Mike Preston Posted April 14, 2010 Posted April 14, 2010 On top of it all, the plan can't do any calculations. They need a specific dollar amount or a percentage of the account value as of the valuation date.[snip] This Plan is actually getting the funds from another Plan where my ex previously had his funds. The former Plan notified me that they are sending the funds to the other Plan in about 2 weeks. This explains why they can't do any calculations. All they know is the opening account balance. They don't have the historical information from the other plan. Perfectly reasonable. I have a slightly different take on this, I think. By refusing to provide you with written information, the plan has let you know that they intend to make this process less than transparent for you. I think you should therefore not feel bad in the slightest about protecting yourself. By all means send along a copy of your settlement agreement and tell them that you are submitting it to them for their determination as to whether it satisfies the plan's definition of a qualified domestic relations order. At that same time, make a formal, written request for a written copy of the QDRO procedures. You will hopefully be provided with a document that tells you how long you have to cure a deficient DRO. My guess is that it may be as long as 18 months. I would expect that you will receive the QDRO procedures shortly before you receive a formal rejection of the DRO as a QDRO. At that point, armed with the QDRO procedures, you will know the timeframe during which you must submit an acceptable DRO. In the meantime, now that you know you absolutely must prepare a DRO that references a specific dollar amount, or a specific percentage of the amount that the plan initially received on behalf of the participant from the prior plan with gains/losses since the date of deposit, you can proceed to have that drafted, agreed and signed by the court. Good luck.

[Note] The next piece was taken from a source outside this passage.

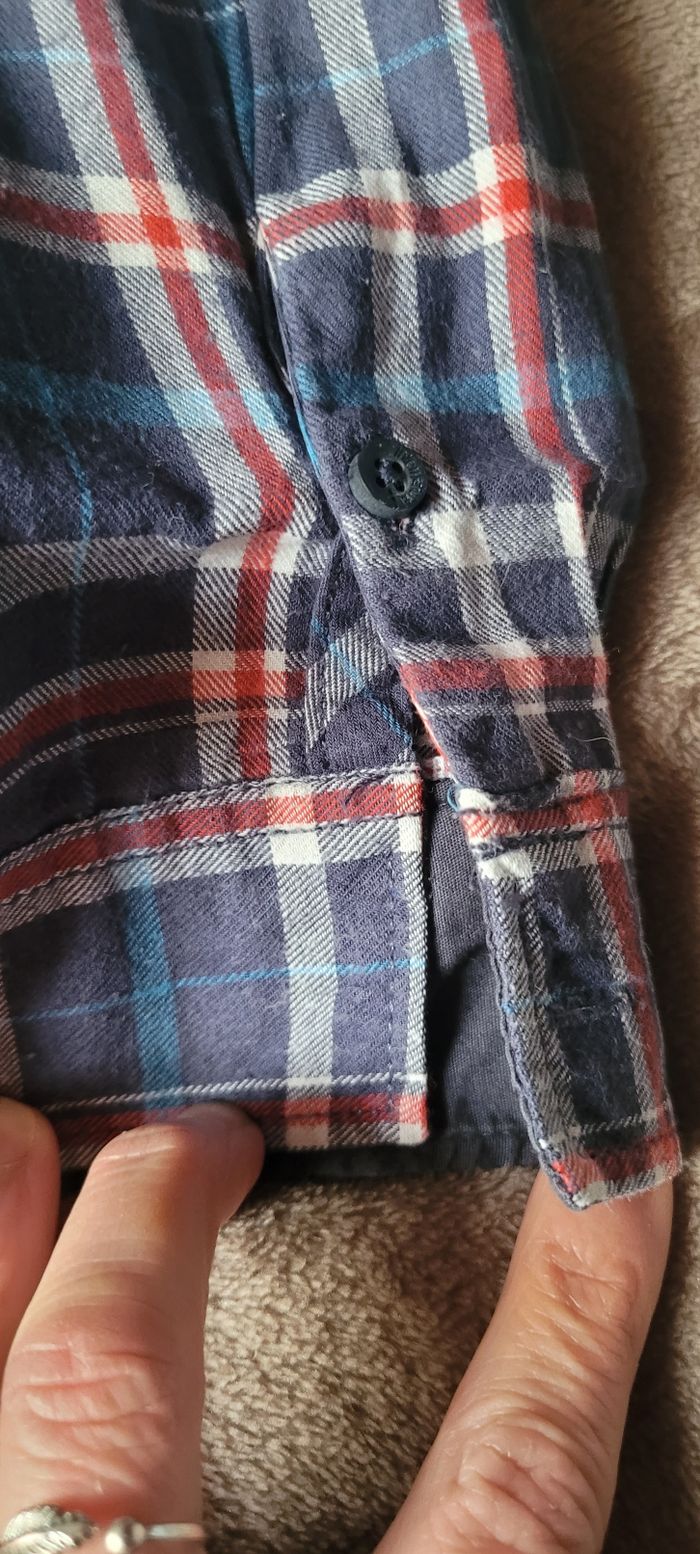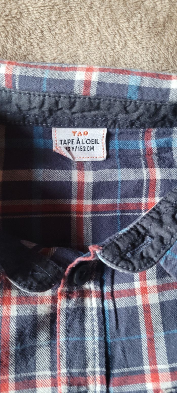 Chemise manches longues Bleu et rouge 12 ans Tape à l'œil Très bon état Manque un bouton qui est possible de remplacer ( voir photo)

QDROphile Posted April 14, 2010 Posted April 14, 2010 With the new information, I agree you should let the plan go to the work of determining that that your decree is not qualified. That will force the plan to give you more information that will help draft a successful order. One thing that might change my mind would be information about processing or administrative fees that the plan would charge with respect to the orders and multiple determinations. Some plans do. Some don't. Some have a fixed fee, some impose fees that increase with with amount of work that is required.
Mike Preston Posted April 14, 2010 Posted April 14, 2010 Ooooooh, good point. But it flies in the face of reasonability to run into a plan that charges for this stuff but won't provide a copy of the QDRO procedures immediately. It does bring up the issue, though, and the response to that issue is to get a copy of the plan's SPD where the charges, if any, should be laid out.